"Oh, no," said Patrick, "I don't suppose you have. I expect you know lots of things that good classical scholars are utterly ignorant of. You can read and play music at sight, I'm sure?"
Ben admitted it.
"I knew you could. I call that the most miraculous thing in the world—putting one's fingers down on the notes accurately without any practice whatever. I'm sure Porson couldn't do that, even if he did drink ink. Jack can do it too, confound him! It's the one accomplishment I have always longed for, and I could never even whistle. But the 'Sortes Virgilianæ'—that was a game of chance and an appeal for guidance—every copy of Virgil an oracle, you know. It was like this. You were in a hole. Very well, you opened your Virgil at random and you took the first words that caught your eye as an inspired message. But nowadays people don't confine themselves to Virgil: they take any book. Let's try it. What is your perplexity at the moment?"
"Well," said Ben, "I suppose it would have something to do with getting clients, being able to be of any use to them when I did get them, and being able to pay you your rent."
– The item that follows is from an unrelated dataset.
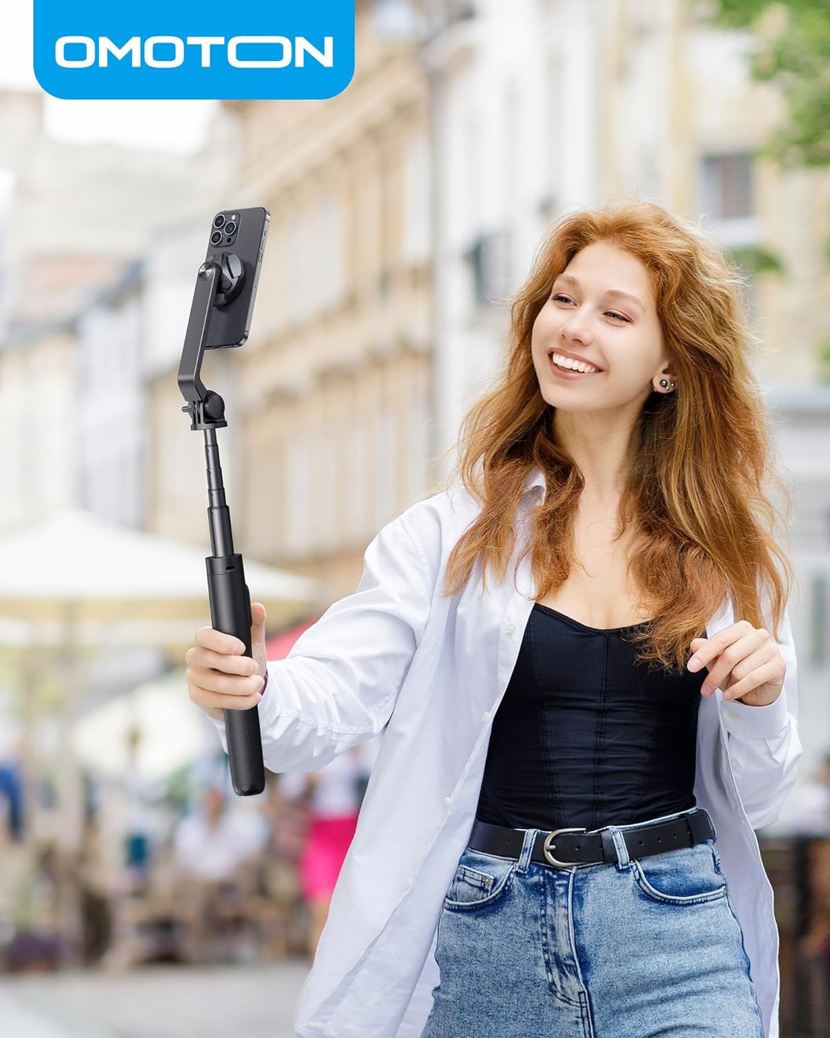 - 【O-Mag Design】Mit hochwertige N52 Magnete kann das Handy leicht am OMOTON Handy Stativ befestigen. Schnelles Switchen zwischen Selfie-Stick-, Tisch- und Stativmodus durch einfaches Drücken oder Ziehen

"We'll try," said Patrick, taking a book at random from the shelf behind him, without turning round, and opening it. He looked at the page and laughed. "There you are," he said, pointing to the passage.
The book was "The Rubáiyát of Omar Khayyám" and the page was that on which was the quatrain containing the line:—
So take the cash and let the credit go.
"But there isn't any cash to take," said Ben.
"No," said Patrick, "but how does it go on?